§ EXERCISE REQUIREMENTS
Please return the lines below verbatim, beginning at the one that has "University Press India." and stopping after the one that has "8、昨日一早,10只黑臉琵鷺", and add no other lines.

§ RECORDS FOR THIS EXERCISE
.....

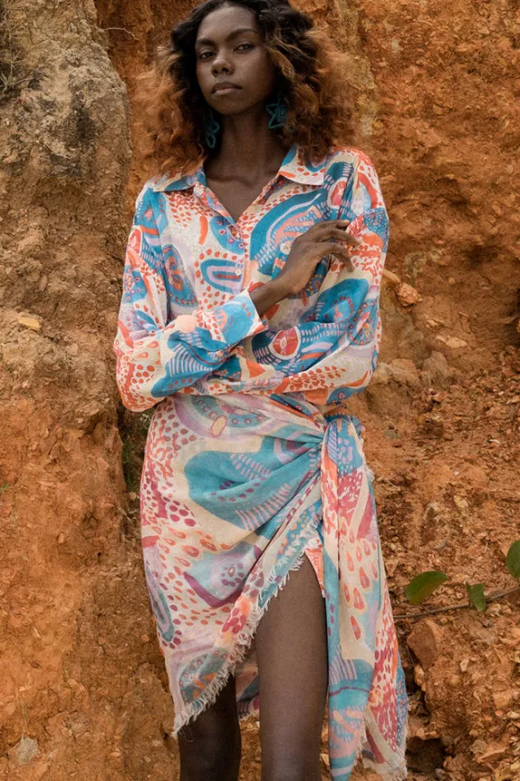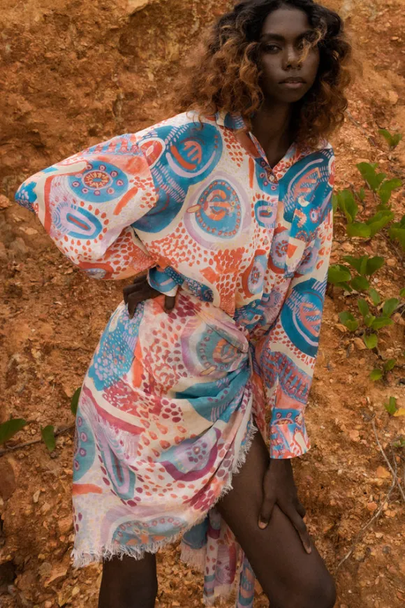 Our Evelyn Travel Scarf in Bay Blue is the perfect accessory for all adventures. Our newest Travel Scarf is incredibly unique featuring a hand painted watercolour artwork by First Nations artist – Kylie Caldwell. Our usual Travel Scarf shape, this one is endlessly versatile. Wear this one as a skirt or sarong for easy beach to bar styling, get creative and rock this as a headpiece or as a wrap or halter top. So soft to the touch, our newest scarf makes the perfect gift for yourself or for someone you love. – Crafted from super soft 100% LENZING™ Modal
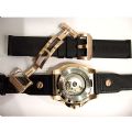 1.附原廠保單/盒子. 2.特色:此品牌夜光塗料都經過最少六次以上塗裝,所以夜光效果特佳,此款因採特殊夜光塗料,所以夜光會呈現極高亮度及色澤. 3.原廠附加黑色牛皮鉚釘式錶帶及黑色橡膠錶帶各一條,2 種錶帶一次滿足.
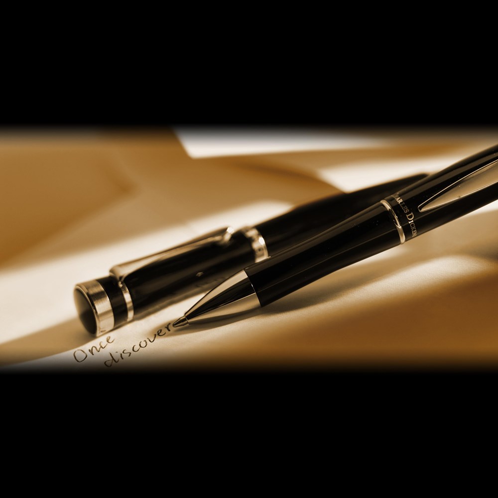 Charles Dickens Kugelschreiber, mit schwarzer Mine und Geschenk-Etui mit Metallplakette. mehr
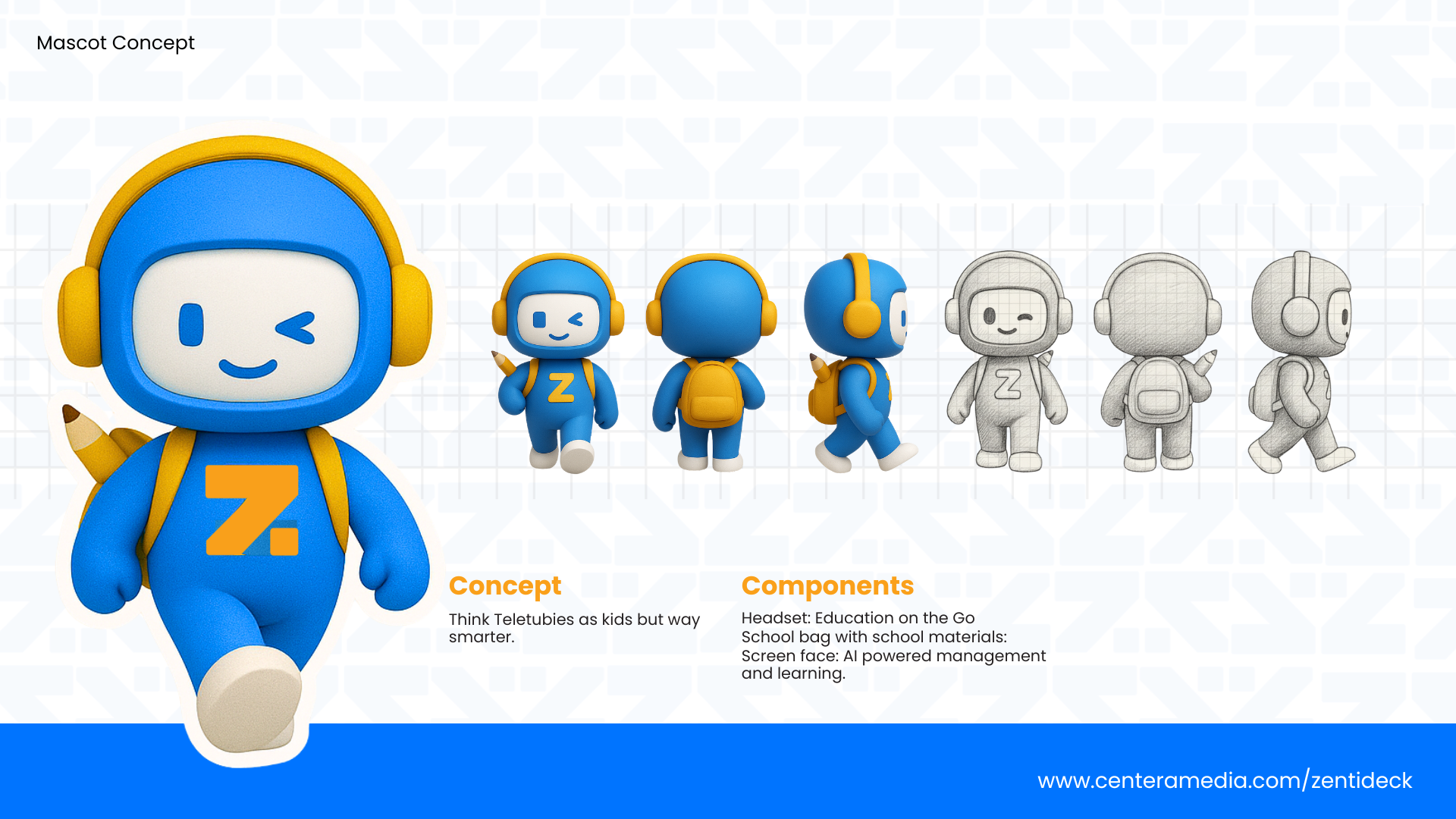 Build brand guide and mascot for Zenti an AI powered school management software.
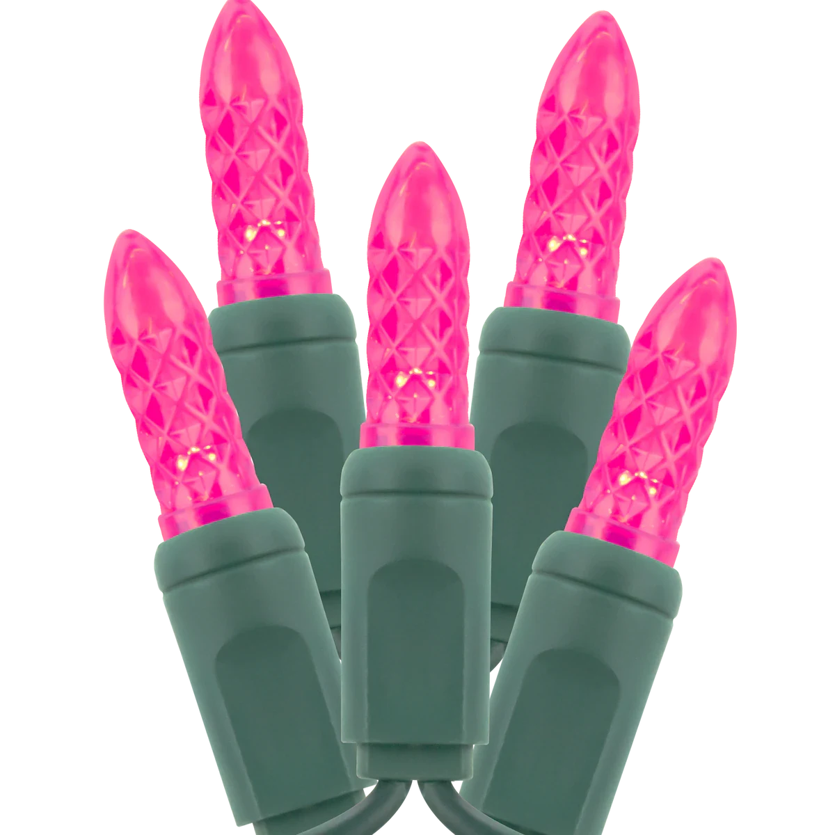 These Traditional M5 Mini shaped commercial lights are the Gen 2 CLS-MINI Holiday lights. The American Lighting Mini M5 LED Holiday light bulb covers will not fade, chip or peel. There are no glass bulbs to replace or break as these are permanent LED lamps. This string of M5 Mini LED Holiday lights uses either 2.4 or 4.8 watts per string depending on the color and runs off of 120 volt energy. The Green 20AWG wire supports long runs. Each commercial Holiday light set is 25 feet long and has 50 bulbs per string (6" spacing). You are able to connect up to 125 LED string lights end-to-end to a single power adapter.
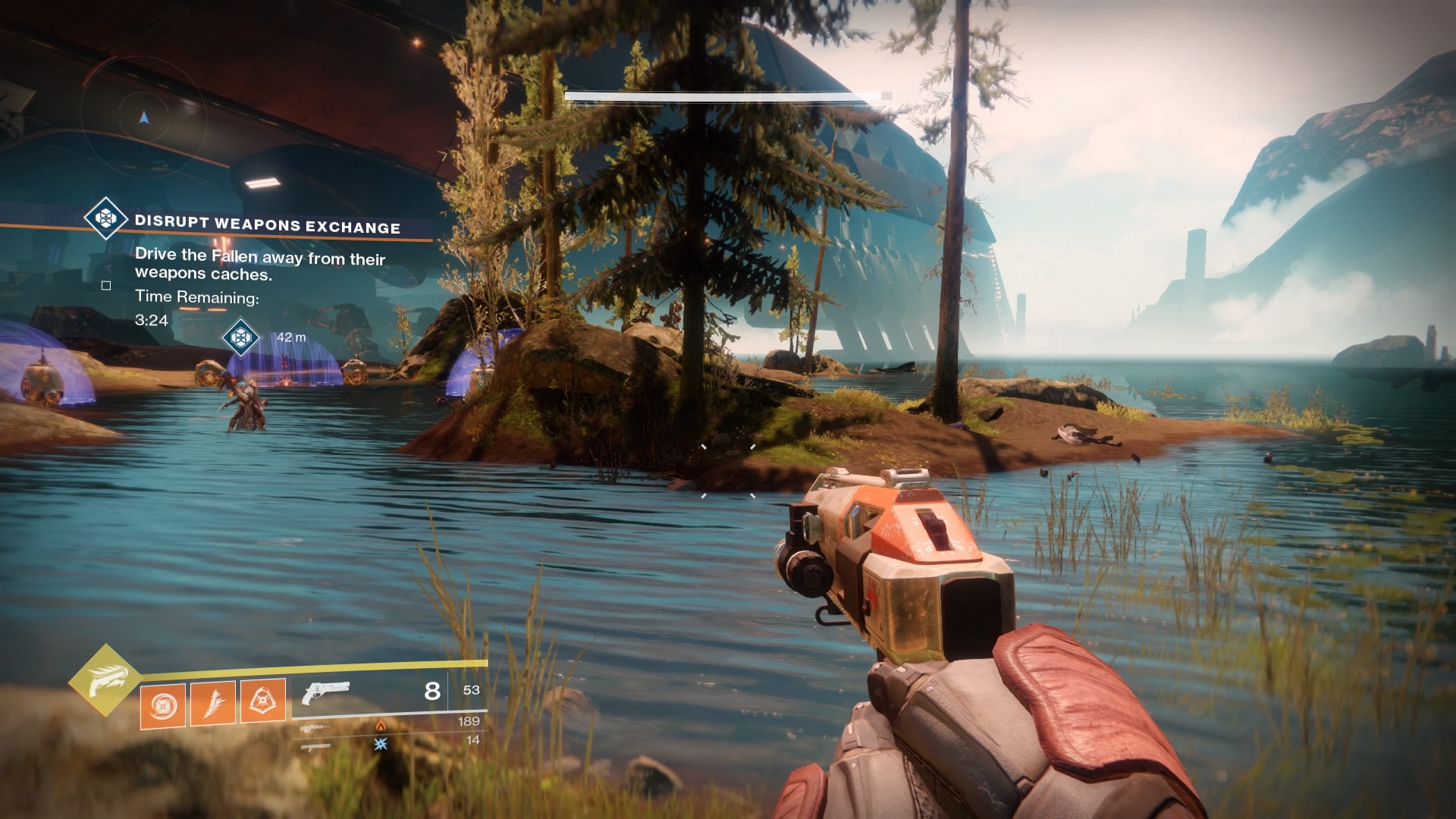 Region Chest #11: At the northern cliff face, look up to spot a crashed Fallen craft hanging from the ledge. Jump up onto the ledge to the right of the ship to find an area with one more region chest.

.....

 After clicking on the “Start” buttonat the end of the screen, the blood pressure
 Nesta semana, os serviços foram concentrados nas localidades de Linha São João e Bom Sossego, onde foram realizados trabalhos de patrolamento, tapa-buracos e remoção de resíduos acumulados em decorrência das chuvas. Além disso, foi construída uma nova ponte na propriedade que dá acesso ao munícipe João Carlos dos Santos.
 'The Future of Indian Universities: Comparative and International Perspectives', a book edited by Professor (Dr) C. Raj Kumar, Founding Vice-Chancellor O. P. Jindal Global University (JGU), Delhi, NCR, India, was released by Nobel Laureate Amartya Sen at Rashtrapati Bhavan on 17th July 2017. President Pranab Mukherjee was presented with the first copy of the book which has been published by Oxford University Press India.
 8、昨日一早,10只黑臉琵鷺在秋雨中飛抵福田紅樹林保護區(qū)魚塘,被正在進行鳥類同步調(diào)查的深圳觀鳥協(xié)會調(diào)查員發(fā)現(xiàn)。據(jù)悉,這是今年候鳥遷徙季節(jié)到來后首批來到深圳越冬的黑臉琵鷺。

.....

§ SOLUTION TO THIS EXERCISE
 'The Future of Indian Universities: Comparative and International Perspectives', a book edited by Professor (Dr) C. Raj Kumar, Founding Vice-Chancellor O. P. Jindal Global University (JGU), Delhi, NCR, India, was released by Nobel Laureate Amartya Sen at Rashtrapati Bhavan on 17th July 2017. President Pranab Mukherjee was presented with the first copy of the book which has been published by Oxford University Press India.
 8、昨日一早,10只黑臉琵鷺在秋雨中飛抵福田紅樹林保護區(qū)魚塘,被正在進行鳥類同步調(diào)查的深圳觀鳥協(xié)會調(diào)查員發(fā)現(xiàn)。據(jù)悉,這是今年候鳥遷徙季節(jié)到來后首批來到深圳越冬的黑臉琵鷺。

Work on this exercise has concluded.